DATA SHOWN Block Start
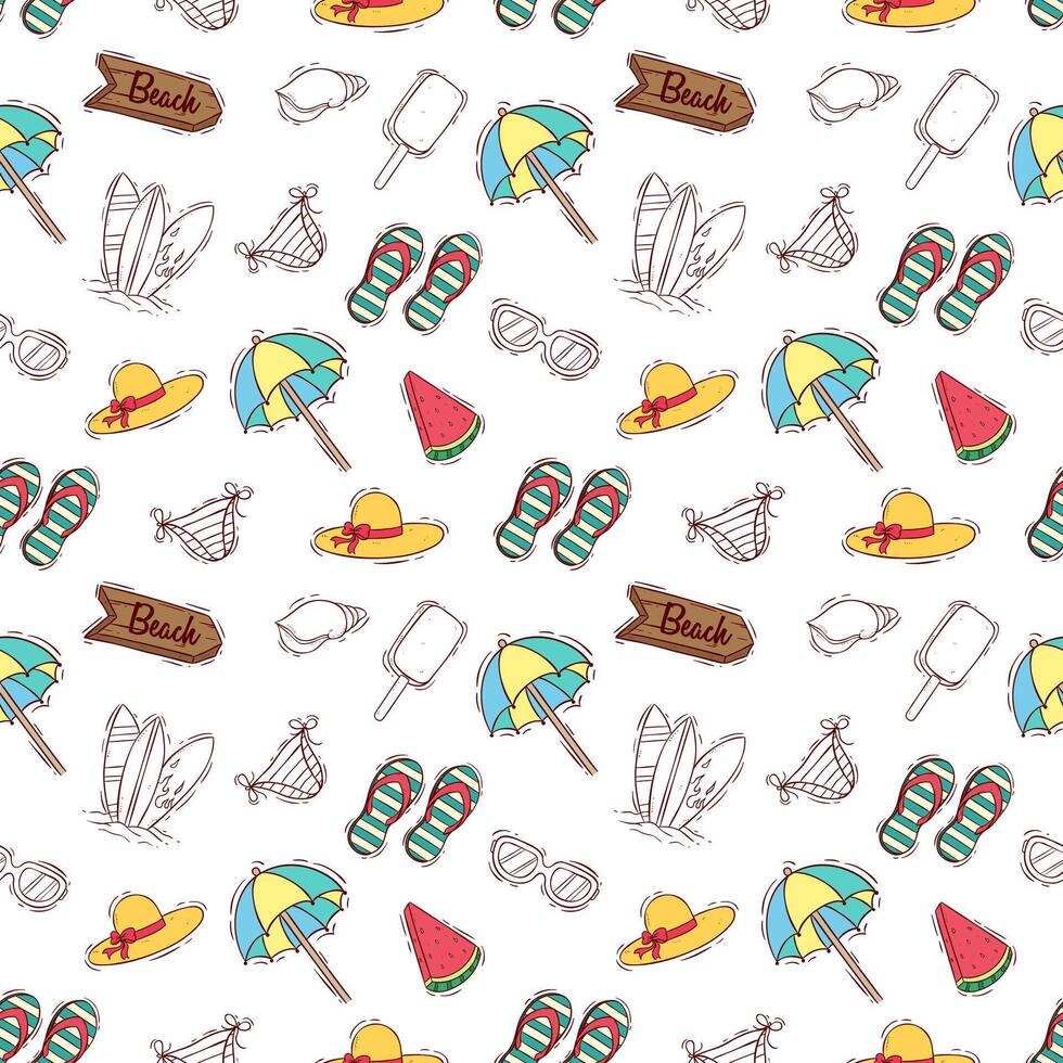 Seamless pattern of summer elements such as watermelon, bikini, umbrella, and flip-flops, using a doodle drawing style vector
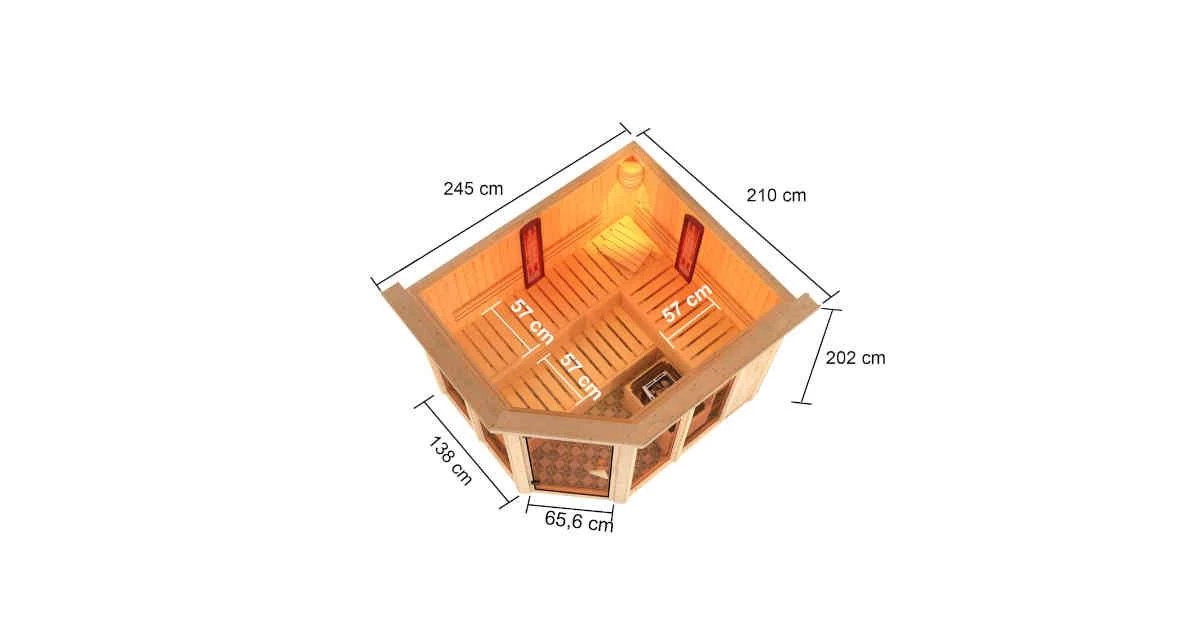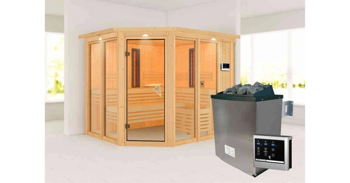 Genau die Entspannung, die Sie sich wünschen. Die Sauna-Infrarot-Kombination Ava lässt ist eine Sauna, die keine Wünsche mehr offen lässt. Nutzen Sie die warme und beruhigende Saunaluft und stärken Sie Ihr Herz-Kreislauf-System oder nutzen Sie die Tiefenwirkung der Infrarotstrahler bei Muskelbeschwerden und Verspannungen. Mit der Multifunktionssauna … sind Sie auf alles vorbereitet. Ausgestattet mit einem 9kW-Saunaofen, zwei Infrarotstrahlern, drei Saunaliegen aus weichem Espenholz, Bankblenden und Rückenlehnen, einem Ofenschutzgitter-Premium und einer Kopfstütze bringt die Sauna bereits alles mit, was Ihr Herz begehrt. Nach einem langen und harten Arbeitstag im Büro passiert es schnell, dass sich Ihr Rücken verspannt. Nun zur Erholung schnell in die Sauna und die Infrarot-Strahler angeschaltet. Im Nu sind Ihre Muskeln entspannt und Ihre Beschwerden gelindert. Mit einem Außenmaß von Ihrer Wellness-Oase.196 x 231 x 202 cm (B/T/H) ohne Dachkranz bietet die Sauna genug Platz. Genießen Sie die Möglichkeiten alleine oder mit der ganzen Familie. Die Saunabänke verfügen über eine Breite von 57 cm und ermöglichen so ein angenehmes Liegen. Bei dem Ofen können Sie zwischen einem 9kW-Ofen mit externer Steuerung oder einem 9kW-Bio-Kombiofen mit externer Steuerung wählen. Der Bio-Kombiofen verfügt, neben der klassischen finnischen Sauna, auch über eine Verdampfereinheit. Dies ermöglicht auch eine Kräuterdampf-Kur, ein Soft-Dampfbad-Feuchtwarm und eine Familiensauna. So ist garantiert für jeden das Richtige dabei. Ein echtes Highlight bieten die vier großzügigen Fenster in der Sauna. Diese lassen viel Tageslicht in das Innere und sorgen durch das bronzierte Glas für ein schönes Ambiente. Betreten können Sie die Sauna durch eine bronzierte Ganzglastür aus Einscheibensicherheitsglas mit Karibu-Türgriff. Die Wandelemente bestehen aus einer 68mm Rahmenkonstruktion mit Mineralwolldämmung und nordischen Fichtenbrettern. Machen Sie die Multifunktionssauna Ava zu Ihrem ganz persönlichen Highlight in
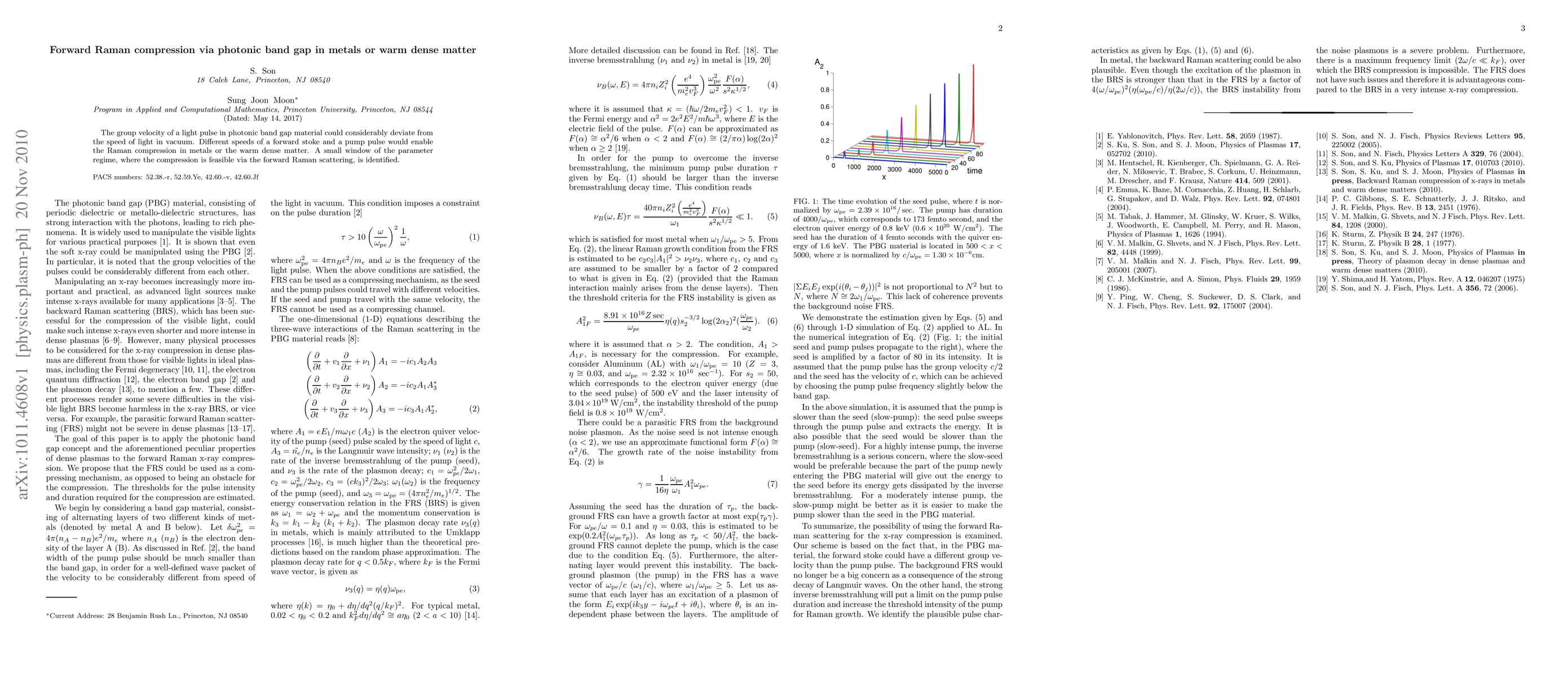 This paper explores the potential for Raman compression of light pulses in photonic band gap materials, where differing velocities of forward stokes and pump pulses allow for compression in metals or warm dense matter. A specific parameter regime enabling this forward Raman compression is identified.
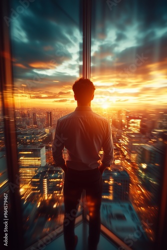 Silhouette of a man gazing out at a vibrant sunset over a city skyline.
DATA SHOWN Block End
** TASK DESCRIPTION **
All of the data above must be printed exactly, minus its pictures.

** EXERCISE SOLUTION **
 Seamless pattern of summer elements such as watermelon, bikini, umbrella, and flip-flops, using a doodle drawing style vector
 Genau die Entspannung, die Sie sich wünschen. Die Sauna-Infrarot-Kombination Ava lässt ist eine Sauna, die keine Wünsche mehr offen lässt. Nutzen Sie die warme und beruhigende Saunaluft und stärken Sie Ihr Herz-Kreislauf-System oder nutzen Sie die Tiefenwirkung der Infrarotstrahler bei Muskelbeschwerden und Verspannungen. Mit der Multifunktionssauna … sind Sie auf alles vorbereitet. Ausgestattet mit einem 9kW-Saunaofen, zwei Infrarotstrahlern, drei Saunaliegen aus weichem Espenholz, Bankblenden und Rückenlehnen, einem Ofenschutzgitter-Premium und einer Kopfstütze bringt die Sauna bereits alles mit, was Ihr Herz begehrt. Nach einem langen und harten Arbeitstag im Büro passiert es schnell, dass sich Ihr Rücken verspannt. Nun zur Erholung schnell in die Sauna und die Infrarot-Strahler angeschaltet. Im Nu sind Ihre Muskeln entspannt und Ihre Beschwerden gelindert. Mit einem Außenmaß von Ihrer Wellness-Oase.196 x 231 x 202 cm (B/T/H) ohne Dachkranz bietet die Sauna genug Platz. Genießen Sie die Möglichkeiten alleine oder mit der ganzen Familie. Die Saunabänke verfügen über eine Breite von 57 cm und ermöglichen so ein angenehmes Liegen. Bei dem Ofen können Sie zwischen einem 9kW-Ofen mit externer Steuerung oder einem 9kW-Bio-Kombiofen mit externer Steuerung wählen. Der Bio-Kombiofen verfügt, neben der klassischen finnischen Sauna, auch über eine Verdampfereinheit. Dies ermöglicht auch eine Kräuterdampf-Kur, ein Soft-Dampfbad-Feuchtwarm und eine Familiensauna. So ist garantiert für jeden das Richtige dabei. Ein echtes Highlight bieten die vier großzügigen Fenster in der Sauna. Diese lassen viel Tageslicht in das Innere und sorgen durch das bronzierte Glas für ein schönes Ambiente. Betreten können Sie die Sauna durch eine bronzierte Ganzglastür aus Einscheibensicherheitsglas mit Karibu-Türgriff. Die Wandelemente bestehen aus einer 68mm Rahmenkonstruktion mit Mineralwolldämmung und nordischen Fichtenbrettern. Machen Sie die Multifunktionssauna Ava zu Ihrem ganz persönlichen Highlight in
 This paper explores the potential for Raman compression of light pulses in photonic band gap materials, where differing velocities of forward stokes and pump pulses allow for compression in metals or warm dense matter. A specific parameter regime enabling this forward Raman compression is identified.
 Silhouette of a man gazing out at a vibrant sunset over a city skyline.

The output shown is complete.